Chinese Artist Xu Bing’s Phoenix takes flight at New York Favorite 



Mar 1 2014

Xu Bing, the internationally acclaimed Chinese artist, has brought his “Phoenix” installation to the majestic nave of the Cathedral Church of St. John the Divine on Manhattan's Upper West Side. The two phoenixes, both Feng, the male, and Huang, the female, faced the decoratively carved bronze doors of the Cathedral, as if poised to take flight in the middle of the night. They were crafted from debris and workers’ tools from construction sites in Beijing. The feathers were fashioned from layered shovels; crowns made of weathered hard hats; heads created from jackhammers; and birds’ bodies sculpted from other salvaged construction debris, including pliers, saws, screwdrivers, plastic accordion tubing and drills.

The appearance of these two phoenixes in New York is not their first public outing. They were on view twice in Asia, in front of the Today Art Museum in Beijing and at the Shanghai World Expo in 2010 and earlier in the U.S. in the Massachusetts Museum of Contemporary Art (MMoCA).

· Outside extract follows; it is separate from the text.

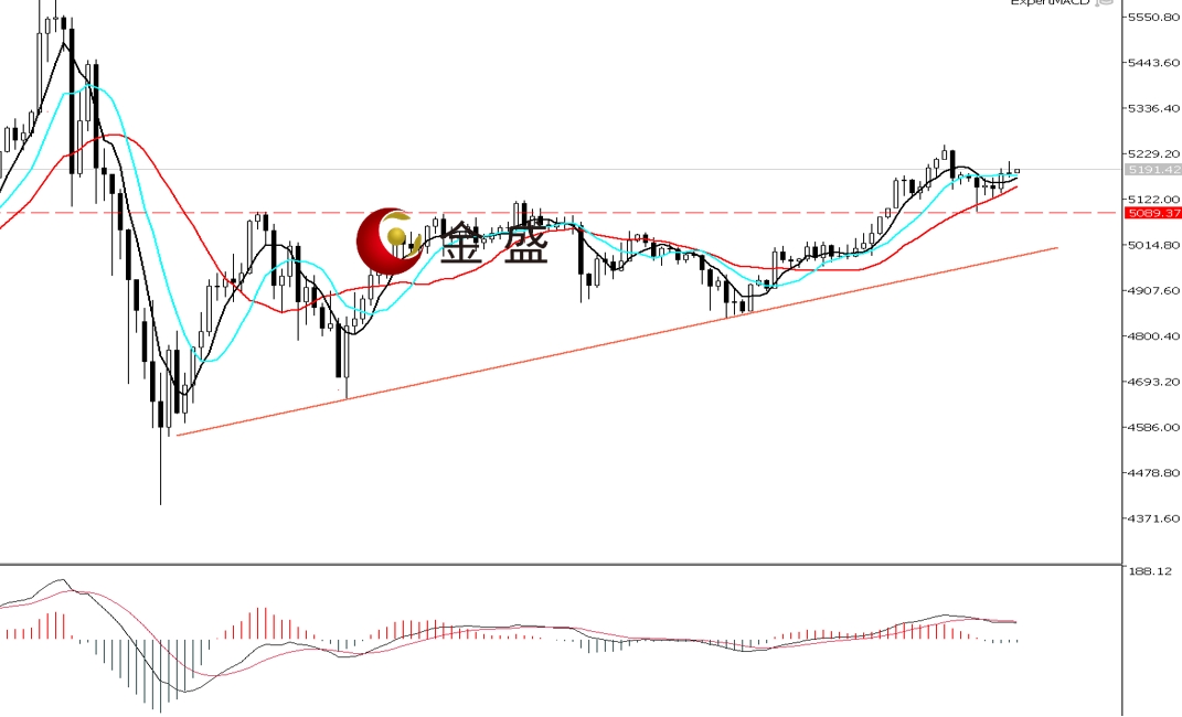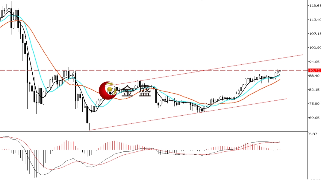 前一个交易日,金银走势出现分化,黄金以调整为主,白银大部分时间以区间震荡为主,盘中再次回踩85美元一带止跌反弹,最终收小阳线。今天白盘行情延续上行,午后突破90美元大关。四小时图,均线系统多头排列,运行在价格下方构成支撑。MACD指标快慢线零轴下方现金叉,做多的动能为主。白银延续箱体内震荡,价格来到区间上轨附近,短期关注能否有效突破,一旦站稳箱体上轨,则反弹空间升级,后市可能形成图示的上行通道。操作上高抛低吸。

In Chinese culture, phoenixes often represent good luck, power, and prosperity. But Xu’s phoenixes are designed to reflect the poor working conditions for the migrant laborers in China. “They bear countless scars,” Mr. Xu explained, having “lived through great hardship, but still have self-respect. In general, the phoenix expresses unrealized hopes and dreams.” As the Very Rev. Dr. James A. Kowalski, the dean of St. John the Divine, said, “This beautiful, even sacred installation has transformational powers. This is not just a critique about laborers in China; it is about a subject that affects us all. It’s about fair pay and human wages for all people.”